Что это такое — восьмое чудо света?

Он не знал. Слова сорвались с языка сами собой. Но это значило, что когда-то это выражение было привычным для него, хорошо знакомым и понятным… чудо. Снова чудеса. Нарушение природных законов, которого быть не может.

Дались ему эти чудеса!

У всего должно быть рациональное объяснение.

«Эмпиризм и рационализм в философии Нового Времени».

Он встал, достал книгу и раскрыл ее наугад. «…и тогда Декарт делает свой известный идеалистический вывод — „Я мыслю, следовательно, я существую“. Критики последующих эпох…»

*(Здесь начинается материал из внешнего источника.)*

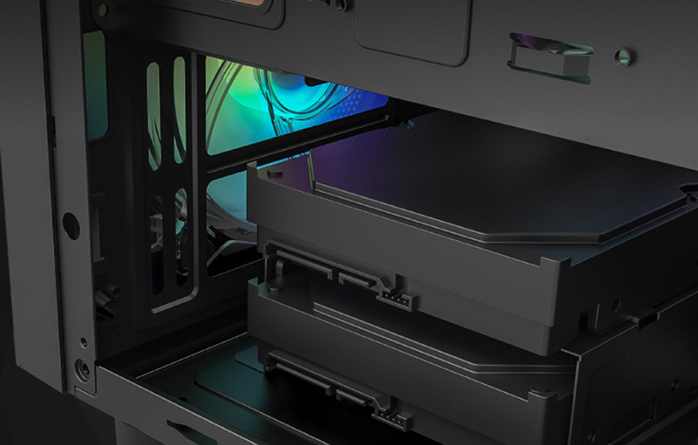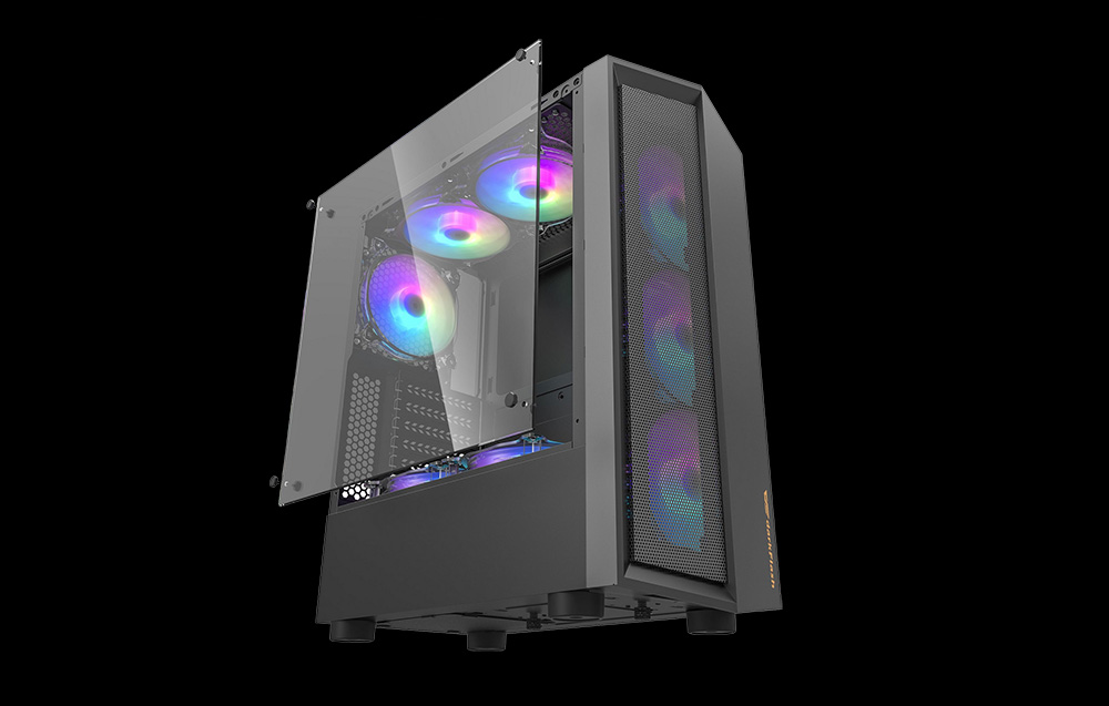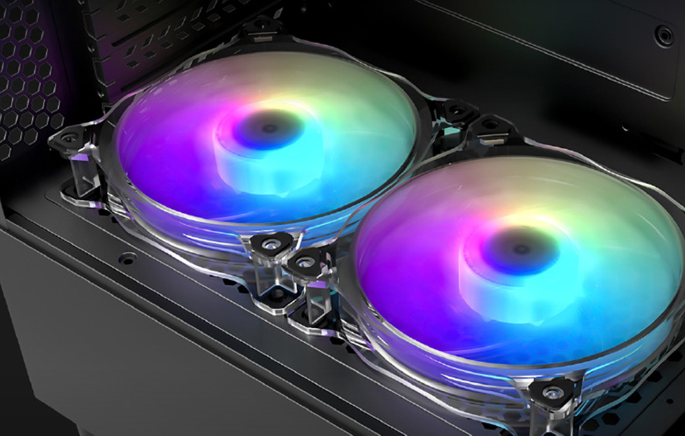 Sukurkite savo svajonių kompiuterį ir nesijaudinkite, kad jis perkaista. Korpuse įrengtas aukštos klasės vidinis aušinimo kanalas ir galima sumontuoti iki 5 ventiliatorių. Be to, 2 ventiliatorių lizdai yra virš maitinimo bloko dangtelio. Taigi galite mėgautis efektyviu aušinimu ir įdomiu RGB efektu.

Максим с треском захлопнул книгу, и тут же испуганно посмотрел на спящую девчонку. Она не шелохнулась. Максим снова ненадолго задумался. Они в поезде. Стук колес заглушает все… но спать никому не мешает. Ну да, это же ритмичный звук, ровный… а звуки, нарушающие этот ритм, привлекают внимание… Звуки… что такое звук? Волна, колебание воздуха, возник — и исчез навсегда, и ни один звук никогда не повторяется… даже если искусственно создается его подобие. Пусть на скрипке играет совершеннейший виртуоз, и равного ему нет и не было в целом мире, — но один и тот же концерт Паганини, исполненный им дважды, будет состоять из разных звуков… хотя бы потому, что второй комплект звуков отделен от первого неким временным интервалом, а это уже говорит о том, что они — другие… а вокруг скрипача — другая обстановка, которая изменяет звук… ну, например, погода изменилась, сыро стало… или атмосферное давление повысилось… другой зал… да если даже повторить в точности предыдущие условия (что, безусловно, невозможно, в чем-то они все же будут отличаться), все равно звуки будут другими, не теми же самыми. Да просто струны скрипки за это время чуть-чуть износились, и смычок тоже… или просто несколько пылинок налипло на них… А уж о звуках, записанных на пластинках или кассетах, и говорить не приходится. Они постоянно меняются — по техническим причинам. Конечно, наши примитивные барабанные перепонки не могут уловить самые тонкие изменения, однако это не устраняет факта самого по себе.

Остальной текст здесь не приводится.